Re: Cost of handling misaligned access

Liste des GroupesRevenir à c arch 
Sujet : Re: Cost of handling misaligned access
De : anton (at) *nospam* mips.complang.tuwien.ac.at (Anton Ertl)
Groupes : comp.arch
Date : 08. Feb 2025, 18:46:32
Autres entêtes
Organisation : Institut fuer Computersprachen, Technische Universitaet Wien
Message-ID : <2025Feb8.184632@mips.complang.tuwien.ac.at>
References : 1 2 3 4 5 6 7 8 9 10 11 12 13 14
User-Agent : xrn 10.11
Michael S <already5chosen@yahoo.com> writes:
On Sat, 08 Feb 2025 08:11:04 GMT
anton@mips.complang.tuwien.ac.at (Anton Ertl) wrote:
Or by my own pasting mistake. I am still not sure whom to blame.
The mistake was tiny - absence of // at the begining of one line, but
enough to not compile. Trying it for a second time:

Now it's worse, it's quoted-printable.  E.g.:

 if (li >=3D len || li <=3D 0)

Some newsreaders can decode this, mine does not.
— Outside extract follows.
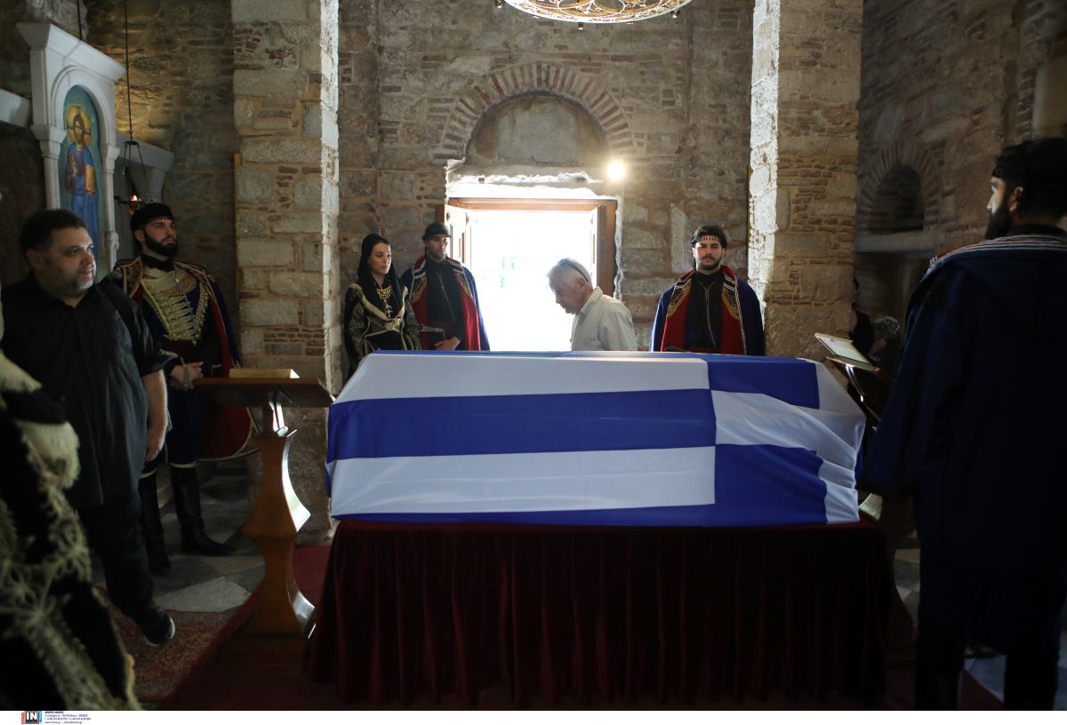 Τη σορό φυλάττουν, ως τιμητική φρουρά, Κουρήτες, με την παραδοσιακή κρητική φορεσιά.
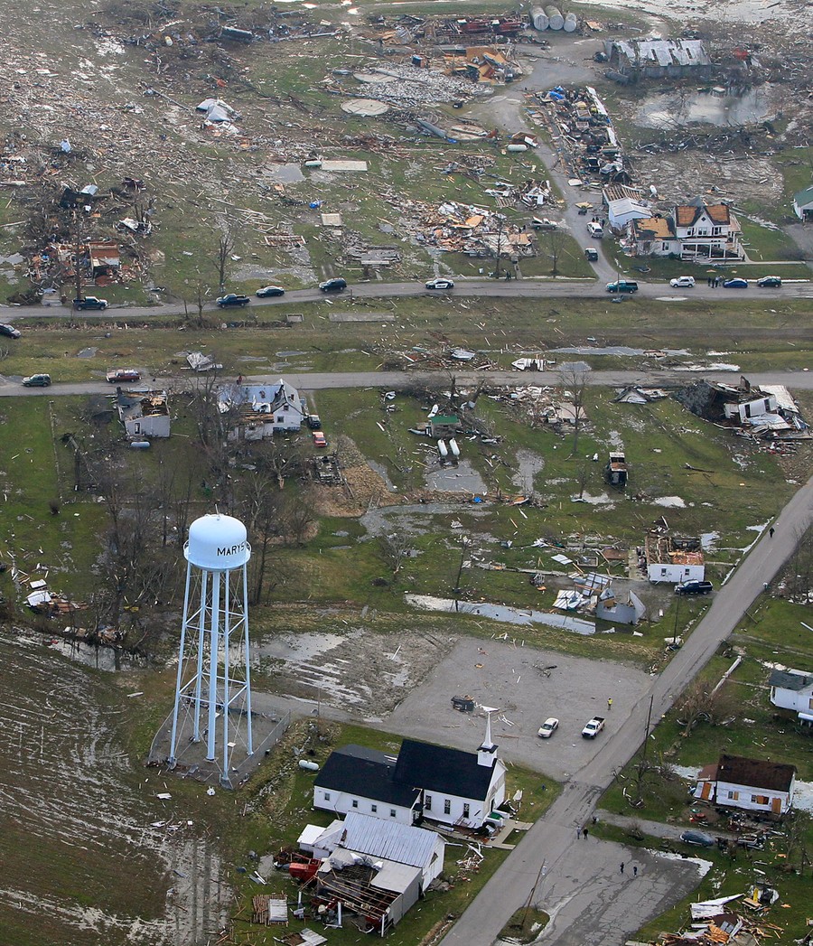 Read moreDebris is strewn about in this aerial photo of Marysville, Indiana, on Saturday, March 3, 2012, after a tornado swept through the area. To see what the small town looked like before last week, Google maps has a fairly detailed view. #

First cycles (which eliminates worries about turbo modes) and
instructions, then usec/call.
=20
>
I don't understand that.
For original code optimized by clang I'd expect 22,000 cycles and 5.15
usec per call on Haswell. You numbers don't even resamble anything like
that.

My cycle numbers are for the whole program that calls keylocks()
100_000 times.

If you divide the cycles by 100000, you get 21954 for clang
keylocks1-256, which is what you expect.

instructions
5_779_542_242  gcc   avx2 1  =20
3_484_942_148  gcc   avx2 2 8=20
5_885_742_164  gcc   avx2 3 8=20
7_903_138_230  clang avx2 1  =20
7_743_938_183  clang avx2 2 8?
3_625_338_104  clang avx2 3 8?=20
4_204_442_194  gcc   512  1  =20
2_564_142_161  gcc   512  2 32
3_061_042_178  gcc   512  3 16
7_703_938_205  clang 512  1  =20
3_402_238_102  clang 512  2 16?
3_320_455_741  clang 512  3 16?
=20
>
I don't understand these numbers either. For original clang, I'd expect
25,000 instructions per call.

clang keylocks1-256 performs 79031 instructions per call (divide the
number given by 100000 calls).  If you want to see why that is, you
need to analyse the code produced by clang, which I did only for
select cases.

Indeed. 2.08 on 4.4 GHz is only 5% slower than my 2.18 on 4.0 GHz.
Which could be due to differences in measurements methodology - I
reported median of 11 runs, you seems to report average.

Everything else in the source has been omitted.